Embeddings are like children, if they don't know a word yet then they can't understand what you are trying to say. But we can correct to word to one they do recognize.

In [7]:
df_train_raw, df_test_raw = load_data()

df_train = df_train_raw
df_test = df_test_raw

In [8]:
def load_word_embedding(filepath):
    """
    given a filepath to embeddings file, return a word to vec
    dictionary, in other words, word_embedding
    E.g. {'word': array([0.1, 0.2, ...])}
    """
    def _get_vec(word, *arr):
        return word, np.asarray(arr, dtype='float32')

    print('load word embedding ......')
    try:
        word_embedding = dict(_get_vec(*w.split(' ')) for w in open(filepath))
    except UnicodeDecodeError:
        word_embedding = dict(_get_vec(*w.split(' ')) for w in open(
            filepath, encoding="utf8", errors='ignore'))

    return word_embedding

In [9]:
fasttext = load_word_embedding('../data/raw/embeddings/wiki-news-300d-1M/wiki-news-300d-1M.vec')

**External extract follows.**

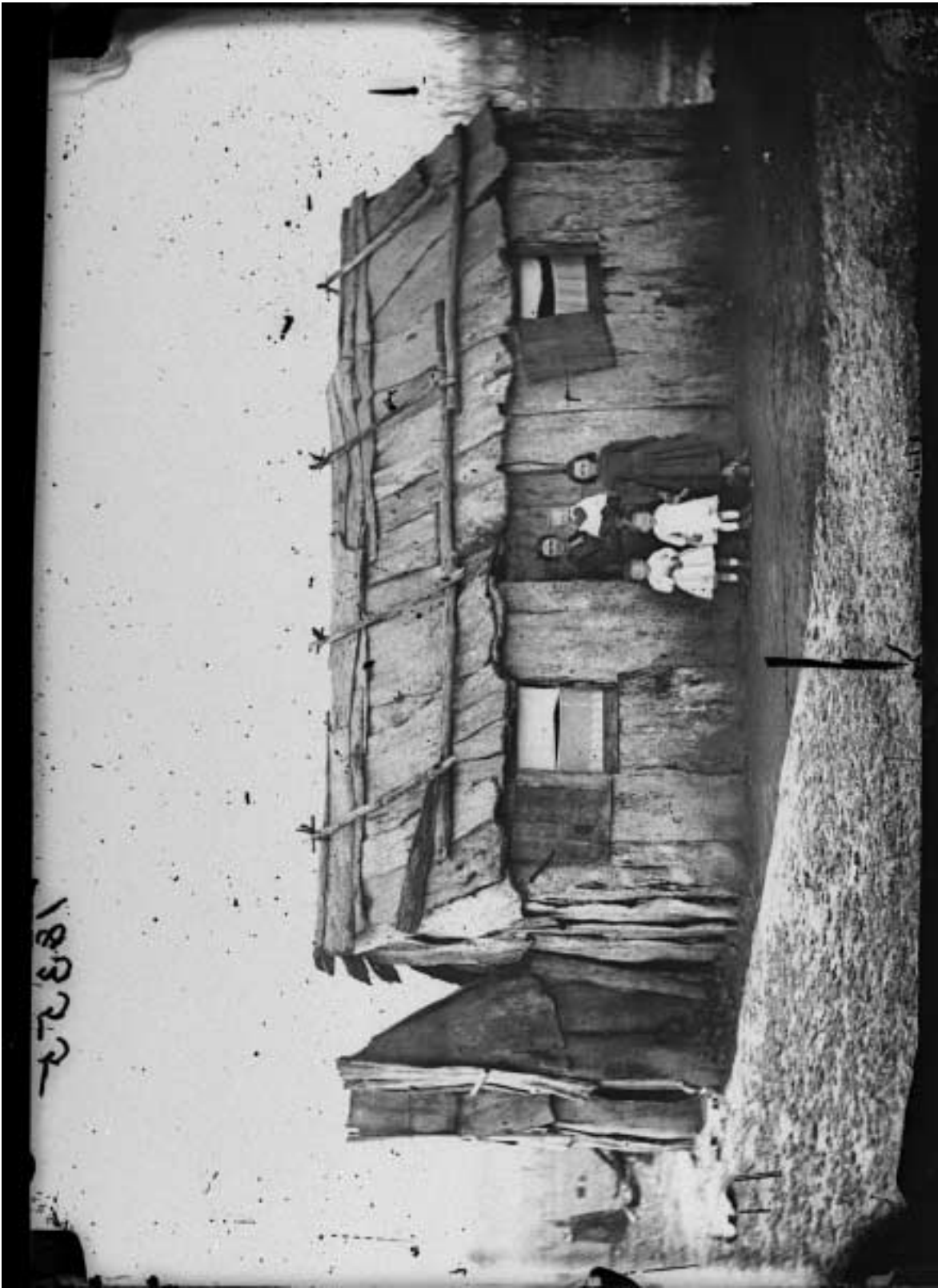
Mother & children outside their bark cottage, Gulgong area c. 1875

load word embedding ......


### Text / Document Coverage

In [11]:
def build_vocab(docs):
    """
    given a list or np.array of strings create a dictionary of unique words with frequencies.
    
    Parameters
    __________
    docs: list or np.array
        iterable of text
    
    Returns
    _______
    dict
        unique words as keys, frequencies as values
    
    """
    vocab = {}
    
    for doc in docs:
        for word in doc.split():
            vocab[word] = vocab.get(word, 0) + 1
                
    return vocab

def vocab_embedding_coverage(vocab, embedding, verbose = False):
    """
    given a dict representing the word frequency of a corpus, 
    calculate the percentage of unique words and 
    the percentage of the corpus matched in the embedding dict.
    
    Parameters
    __________
    vocab: dict
        word frequency of corpus
    embedding: dict
        embedding vector converted to dict
    verbse: bool
        print summary statistics
    
    Returns
    _______
    
    perc_words : float
        percentage of unique words identified in corpus
    perc_corpus : float
        percentage of corpus identified in corpus
    words_in_embedding: dict
        dictionary of unique words, frequency and whether found in embedding (true / false)
    """
    
    words_in_embedding = {}
    word_found_count = 0
    corpus_found_count = 0
    corpus_count = 0 
    
    for word, freq in vocab.items():
        corpus_count += freq
        words_in_embedding[word] = {
            'frequency': freq,
            'embedding': (word in embedding)
        }
        if word in embedding:
            word_found_count += 1
            corpus_found_count += freq
    
    perc_words = word_found_count / len(vocab)
    perc_corpus = corpus_found_count / corpus_count
    
    print('{}% of vocabulary words found in embedding files'.format(round(100*perc_words,2)))
    print('{}% of corpus found in embedding files'.format(round(100*perc_corpus,2)))
    
    return perc_words, perc_corpus, words_in_embedding

In [12]:
vocab = build_vocab(np.concatenate((df_train.question_text, df_test.question_text)))
w,c,words_in_embedding = vocab_embedding_coverage(vocab, fasttext, True)
df_words = pd.DataFrame.from_dict(words_in_embedding, orient = 'index')
df_words = df_words.sort_values(by='frequency', ascending=False)
df_words[np.logical_not(df_words.embedding)].head(10)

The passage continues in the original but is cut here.